The Celtic ‘grá’ for human figural representations did not seem to translate to indigenous artefacts, instead artisans opted for Etruscan style animal sculptures to decorate their flagons e.g. the Basse-Yutz Flagon (Frey 1964, 43). To complicate matters further, the northern tribes appear to have adopted an expansionist policy culminating in large-scale attacks (Cunliffe 1988, 36) and were no longer satisfied to acquire goods in a classical trading context (Ibid). It appears there were new kids on the block, and this apparent warrior-based society was not about to follow the same path as their Hallstatt cousins.
…that way madness lies
Artistic motifs, which were so meticulously imitated up to this point including three dimensional animal motifs such as the Greek Pegasus (James 1993, 23), the replacement lion as found on the Hochdorf cauldron (James 1993, 26) and two dimensional palmette, comma leaf and spiral (Cunliffe 1997, 120) were now vigorously altered as if a point needed to be proved by breaking away from the strict linear designs as seen on the Waldalgesheim spouted flagon, Reinheim flagon and amphora. Gone was the symbolic four-wheeled wagon found at such locations as Vix and Hochdorf (James 1993, 23), replaced by a more austere chariot again discovered at Waldalgesheim (Frey 1964, 42).

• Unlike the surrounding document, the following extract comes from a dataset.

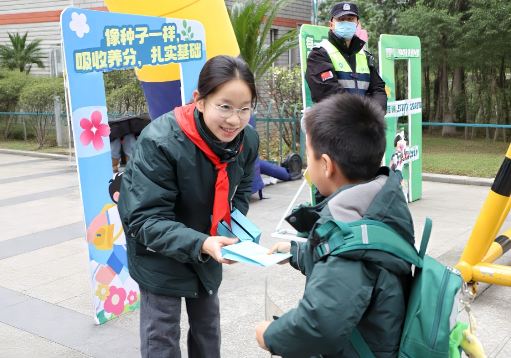 3月4日,南京市金陵河西学校小学部门前,由六年级的哥哥姐姐们化身的“春日小使者”,为返校的每一位学弟学妹送上精心准备的“春天种子礼包”。礼包里藏着春日的惊喜:一袋植物种子、一张待书写的种子心愿卡——新学期,每个孩子都像小种子一样,向阳生长。
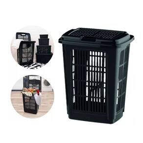 -01 Cesto de Lavanderia com Tampa - 60 Litros - Preto.

The symbolism through artistic expression, which so often occurs in Hallstatt art, remains somewhat in the La Tène, but just as the art itself has found a new form, the symbolism may also have changed or may have been forgotten altogether giving the art of the La Tène a life of its own. Up to this point the La Tène period had produced two distinct art styles, ‘Early La Tène’ (Cunliffe 1997, 111) and ‘Waldalgesheim’ or ‘Vegetal Style’ (Ibid, 119) but soon they would be joined by two more, the ‘Plastic Style’ and ‘Sword Style’. The ‘Vegetal Style’ in particular owes its existence to the dramatic shift in power following the demise of the Greek trade routes and the subsequently increasing influences of the Etruscans via the Po valley (Frey 1964, 42), and it is the enigmatic swirls and tendrils found in this style which draw so much speculation as to its origin and meaning (Collis 2003, 217). However, without a frame of reference for the “living culture” at that time any attempt to interpret the flamboyant artistic motifs may well be contaminated by the enduring deductions of certain well-meaning 19th century antiquarians (Ibid).
A word on weapons
One of the clear differences between the Hallstatt and La Tène cultures lies in the inclusion of weapons with regard to funerary depositions (Frey 1964, 42). It has long been considered that the numerous finds of weapons in La Tène sites signify that this period was far more unsettled and tumultuous-a warrior society, if you will (Cunliffe 1988 33)-than the sober Hallstatt, portrayed by some as a Celtic classical age (Ibid, 24). I, however, believe that the opposite was the case when considering the same evidence. Given the amount of wealth one needs to procure weapons either by manufacture or import I find it highly unlikely that in a period of extreme flux and violence a society would be so suicidal as to dispose of their weapons right at the moment they need them most. Similarly, the lack of substantial weapon finds in the Hallstatt period gives it an illusion of a culture engaged in placid trade and acquisition (Ibid). The flowering of ‘Sword Style’ art may also indicate that at least swords for the most part had, at this point, acquired a symbolic stature rather than a military purpose.
Migrants or Merchants
The discovery of certain metal items including the Battersea shield (Cunliffe 1997, 68) found in the Thames, London and the flagon found at Basse-Yutz, France (Ibid, 116) was enough in the world of early archaeology to forge a link between the Celtic world and a migratory pattern toward Britain as they depicted a society on the move, a society that by all accounts even encompassed the peripheral islands of Europe. The application of the all too familiar vigorous La Tène art styles on these objects seems to carry as much weight as a cultural fingerprint, e.g. ‘head culture’ (Collis 2003, 216). Even though the Celtic invasion theory has over time lost its credibility, Celtic migrations to the British Isles remained somewhat of an archaeological ‘holy cow’, and much of the evidence found had to fit around or actively encourage this precept (Ibid, 223).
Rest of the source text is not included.